YOUR INSTRUCTIONS >> Reproduce the listing below as it stands. Leave out each image.

DATA SHOWN >>
== Segment start ==

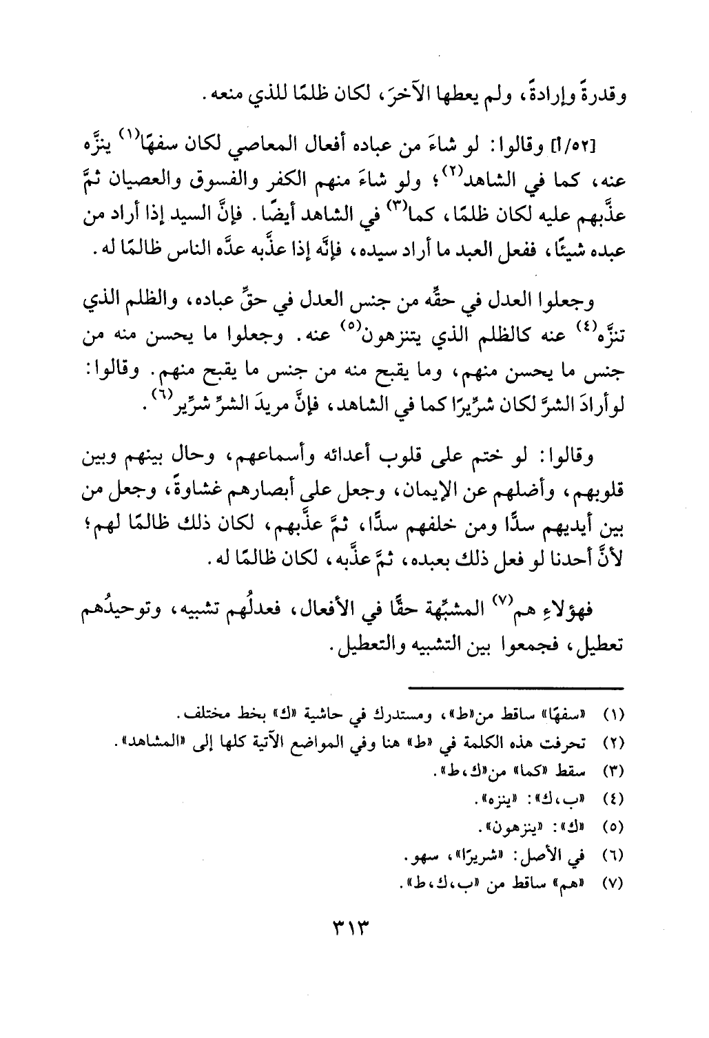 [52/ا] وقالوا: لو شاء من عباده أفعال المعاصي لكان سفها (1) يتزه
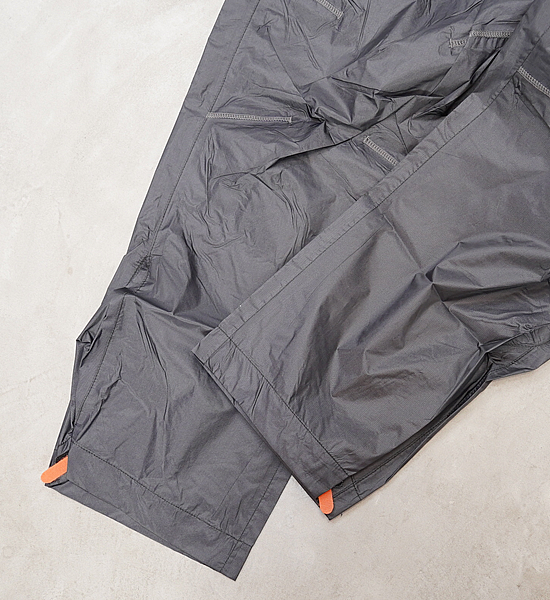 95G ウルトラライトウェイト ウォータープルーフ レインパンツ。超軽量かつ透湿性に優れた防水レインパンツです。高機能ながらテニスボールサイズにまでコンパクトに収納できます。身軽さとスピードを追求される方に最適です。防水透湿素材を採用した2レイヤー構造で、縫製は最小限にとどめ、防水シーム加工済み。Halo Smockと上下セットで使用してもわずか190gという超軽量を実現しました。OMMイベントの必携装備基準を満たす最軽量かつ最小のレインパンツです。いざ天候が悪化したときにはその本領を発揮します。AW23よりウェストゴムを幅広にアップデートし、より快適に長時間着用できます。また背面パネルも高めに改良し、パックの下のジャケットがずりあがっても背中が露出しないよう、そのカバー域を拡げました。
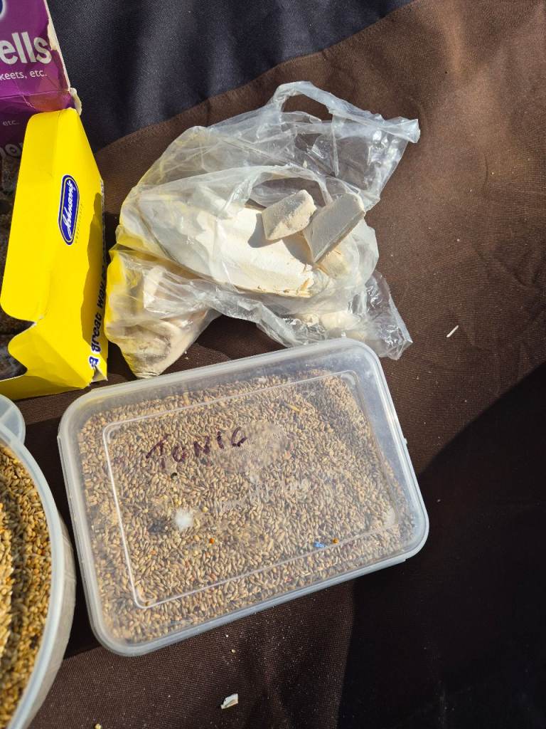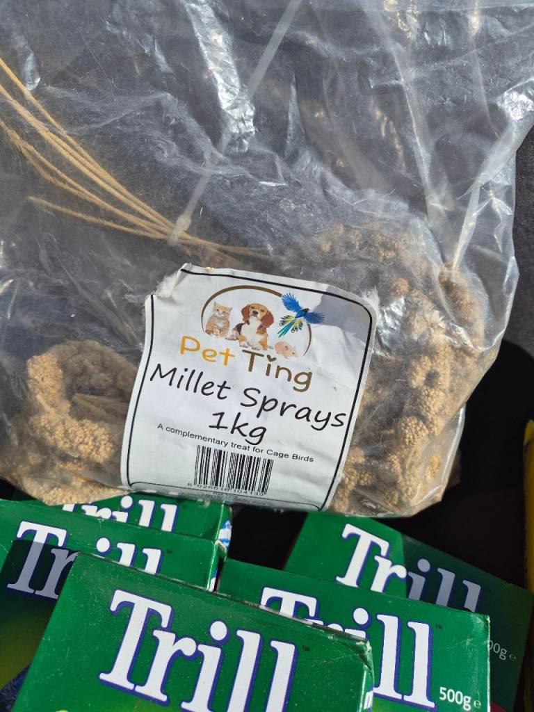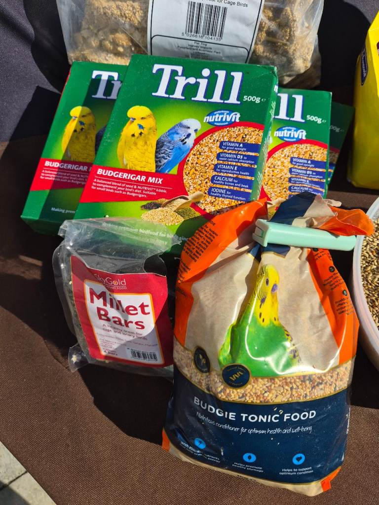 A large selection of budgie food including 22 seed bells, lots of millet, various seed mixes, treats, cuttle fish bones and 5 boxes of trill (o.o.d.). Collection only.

== Segment end ==

SOLUTION TO THIS EXERCISE >>
 [52/ا] وقالوا: لو شاء من عباده أفعال المعاصي لكان سفها (1) يتزه
 95G ウルトラライトウェイト ウォータープルーフ レインパンツ。超軽量かつ透湿性に優れた防水レインパンツです。高機能ながらテニスボールサイズにまでコンパクトに収納できます。身軽さとスピードを追求される方に最適です。防水透湿素材を採用した2レイヤー構造で、縫製は最小限にとどめ、防水シーム加工済み。Halo Smockと上下セットで使用してもわずか190gという超軽量を実現しました。OMMイベントの必携装備基準を満たす最軽量かつ最小のレインパンツです。いざ天候が悪化したときにはその本領を発揮します。AW23よりウェストゴムを幅広にアップデートし、より快適に長時間着用できます。また背面パネルも高めに改良し、パックの下のジャケットがずりあがっても背中が露出しないよう、そのカバー域を拡げました。
 A large selection of budgie food including 22 seed bells, lots of millet, various seed mixes, treats, cuttle fish bones and 5 boxes of trill (o.o.d.). Collection only.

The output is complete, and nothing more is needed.